Plaintiff, an air carrier organized and existing under the laws of Iran, brought this action to recover unpaid freight charges on seven shipments of Government-owned property that were transported by air in 1958 and 1959 from points in the United States to Ankara, Turkey. All the material facts have been stipulated and the parties have agreed that the case may be decided on *641 their motions for summary judgment. The goods moved under Government hills of lading issued by authorized Government officers and were transported from the United States to Frankfurt, Germany, by the Pan American World Airways System. At Frankfurt the goods were transferred to plaintiff, which completed the shipments to Ankara, Turkey, and delivered the freight in good order and condition to the consignees. Plaintiff, as the final and delivering carrier, acquired the right to collect the entire freight charges from origin to delivery. The charges, which totaled $15,548.71, have never been paid.

The seven shipments were delivered by plaintiff during the months of September and October 1958 and February 1959. Plaintiff is not a U.S. certified carrier and does not operate its aircraft in common carriage to or from any points within the United States. However, on May 16,1950, plaintiff authorized R. C. Louns-bury, Agent, to file on its behalf with the Civil Aeronautics Board tariffs containing fares, rates, rules and regulations for combined transportation over the lines of plaintiff and other carriers, including Pan American Airways System, which have granted similar authority to the said agent.

For reasons which are not material to the issues, plaintiff did not present its bills for the freight charges to the General Accounting Office until November 27, 1962, more than 3 years after the last delivery.
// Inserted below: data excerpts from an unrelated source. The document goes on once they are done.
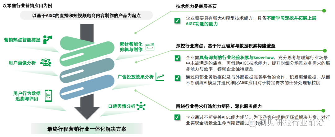 未来AIGC在B端的应用将持续围绕垂直领域深耕,基于深刻的行业经验及数据积累,将AIGC与行业know-how深度结合,并逐步扩大服务范围边界,打磨行业一体化解决方案,重塑企业服务价值。
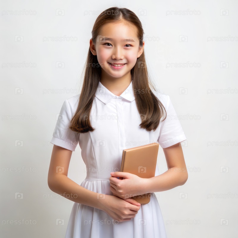 Улыбающаяся ученица держит учебник в белом платье на белом фоне
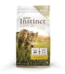 Each formula combines high protein kibble plus freeze dried raw together in the same bag. It’s the perfect combination of nutrition and convenience! Nature’s Variety Instinct Raw Boost Chicken Meal Formula for cats is formulated to meet the nutritional levels established by the AAFCO Cat Food Nutrient Profile for all life stages. Chicken Meal, Chicken Fat (preserved with Mixed Tocopherols and Citric Acid), Tapioca, Chicken, Menhaden Fish Meal, Tomato Pomace, Suncured Alfalfa Meal, Freeze Dried Turkey, Natural Flavor, Freeze Dried Chicken (including Freeze Dried Ground Chicken Bone), Freeze Dried Turkey Liver, Pumpkinseeds, Potassium Chloride, Montmorillonite Clay, Choline Chloride, DL-Methionine, Carrots, Apples, Cranberries, Salt, Vitamins (Vitamin A Supplement, Vitamin D3 Supplement, Vitamin E Supplement, Niacin Supplement, L-Ascorbyl-2-Polyphosphate, d-Calcium Pantothenate, Thiamine Mononitrate, Pyridoxine Hydrochloride, Riboflavin Supplement, Folic Acid, Biotin, Vitamin B12 Supplement), Taurine, Butternut Squash, Minerals (Zinc Proteinate, Iron Proteinate, Copper Proteinate, Manganese Proteinate, Ethylenediamine Dihydriodide, Sodium Selenite), Ground Flaxseed, Dried Kelp, Broccoli, Dried Bacillus coagulans Fermentation Product, Rosemary Extract, Apple Cider Vinegar, Salmon Oil, Dried Chicory Root, Blueberries
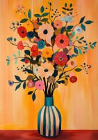 Bloemen Vaas | Vrolijke Bloemen - Op dit bloemen schilderij zie je een kleurrijk boeket met diverse bloemen in een vaas, tegen een levendige gele achtergrond, wat een vrolijke tuin sfeer oproept.
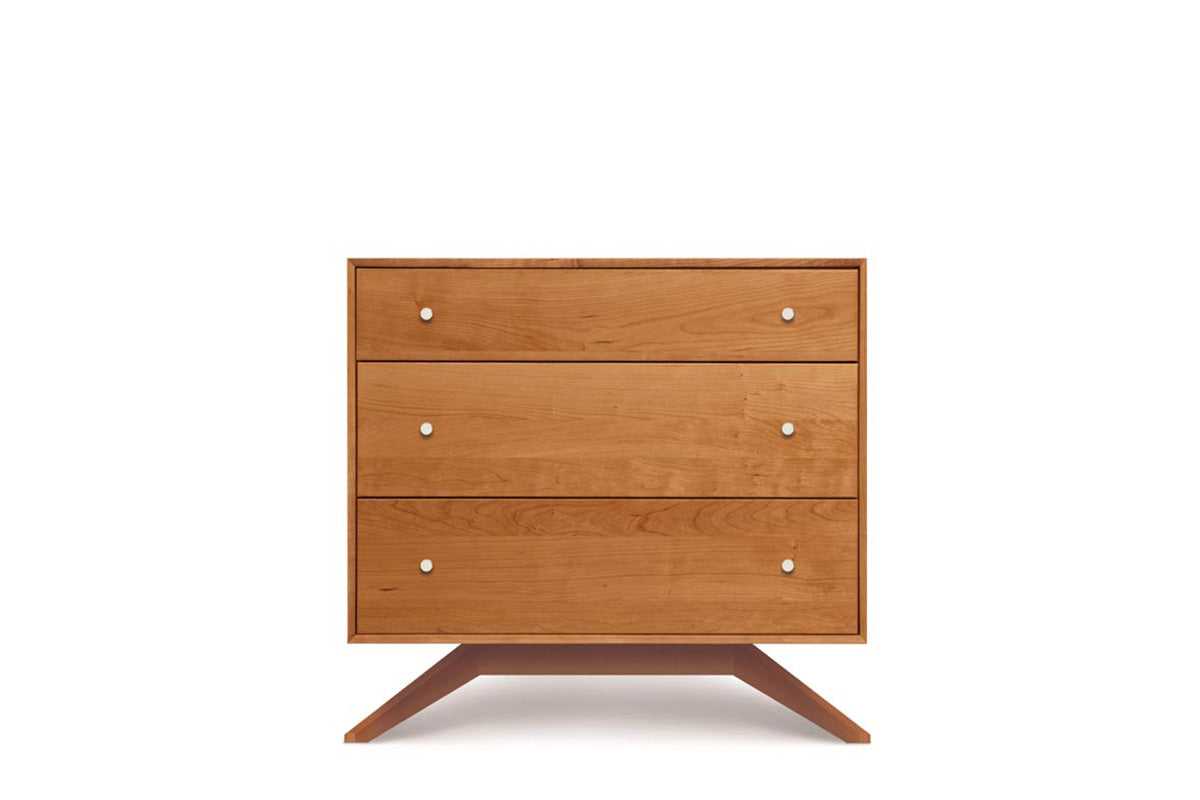 The Astrid 3 Drawer Chest is available in Natural Cherry, Stained Cherry, or Natural Walnut. There are a variety of knob options.

The GAO refused payment on the ground that the claim was “barred from settlement in the General Accounting Office” by Section 322 of the Transportation Act of 1940, as amended, 49 U.S.C. § 66, because it was not received by that office within 3 years from the accrual of plaintiff’s cause of action.

This suit followed and the parties have agreed that both the original petition and the first amendment thereto were filed within 6 years from the date the cause of action first accrued.

It is conceded that plaintiff is entitled to judgment in the amount of $15,548.71, unless its right to recover is precluded by the provisions of Section 322 of the Transportation Act of 1940, as amended, 49 U.S.C. § 66, which provides in pertinent part as follows:

Payment for transportation of the United States mail and of persons or property for or on behalf of the United States by any common carrier subject to the Interstate Commerce Act, as amended, or the Civil Aeronautics Act of 1938, shall be made upon presentation of bills therefor, prior to audit or settlement by the General Accounting Office, but the right is reserved to the United States Government to deduct the amount of any overpayment by any such carrier from any amount subsequently found to be due such carrier. * * * Provided further, That every claim cognizable by the General Accounting Office for charges for transportation within the purview of this section shall be forever barred unless such claim shall be received in the General Accounting Office within three years (not including any time of war) from the date of (1) accrual of the cause of action thereon, or (2) payment of charges for the transportation involved, or (3) subsequent refund for overpayment of such charges, or (4) deduction made pursuant to this section, whichever is later.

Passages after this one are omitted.